About this exercise: From the records below, copy out exactly the lines from the one containing "Are you planning" to the one containing "2、如图所示,解锁两块拼图即", both included. Add nothing else.

Information:
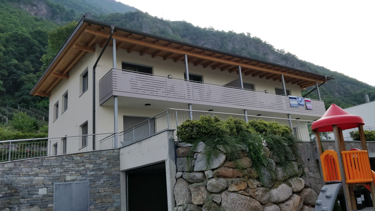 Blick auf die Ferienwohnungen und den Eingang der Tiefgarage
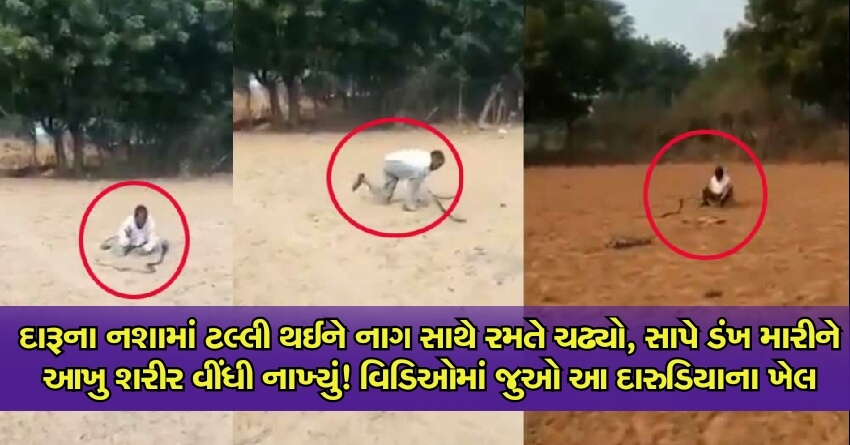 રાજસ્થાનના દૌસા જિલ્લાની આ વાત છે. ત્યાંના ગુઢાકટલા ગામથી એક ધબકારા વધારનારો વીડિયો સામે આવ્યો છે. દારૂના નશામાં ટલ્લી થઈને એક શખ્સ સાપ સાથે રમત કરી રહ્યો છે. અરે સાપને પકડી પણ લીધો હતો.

--

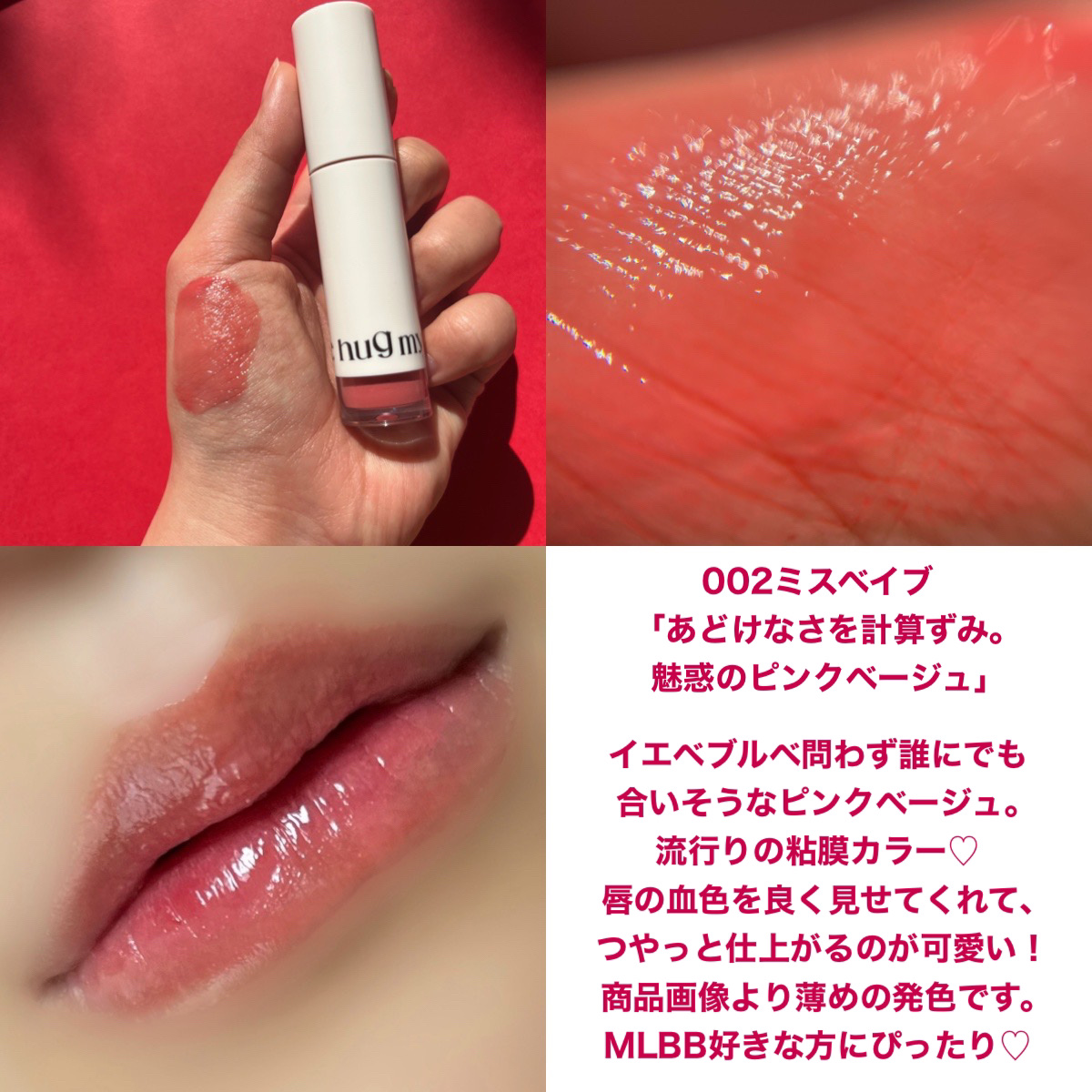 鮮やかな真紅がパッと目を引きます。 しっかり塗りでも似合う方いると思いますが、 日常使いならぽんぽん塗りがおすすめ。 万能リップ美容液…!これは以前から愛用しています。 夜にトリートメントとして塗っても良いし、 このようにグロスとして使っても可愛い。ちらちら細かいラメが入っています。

* * *

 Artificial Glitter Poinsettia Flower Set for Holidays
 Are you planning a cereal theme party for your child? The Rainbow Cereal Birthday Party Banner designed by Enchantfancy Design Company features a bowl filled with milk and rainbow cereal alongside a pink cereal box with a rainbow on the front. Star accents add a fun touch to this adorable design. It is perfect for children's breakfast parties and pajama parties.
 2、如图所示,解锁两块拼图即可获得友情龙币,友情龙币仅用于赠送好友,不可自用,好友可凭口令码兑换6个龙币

Exercise output:
 Are you planning a cereal theme party for your child? The Rainbow Cereal Birthday Party Banner designed by Enchantfancy Design Company features a bowl filled with milk and rainbow cereal alongside a pink cereal box with a rainbow on the front. Star accents add a fun touch to this adorable design. It is perfect for children's breakfast parties and pajama parties.
 2、如图所示,解锁两块拼图即可获得友情龙币,友情龙币仅用于赠送好友,不可自用,好友可凭口令码兑换6个龙币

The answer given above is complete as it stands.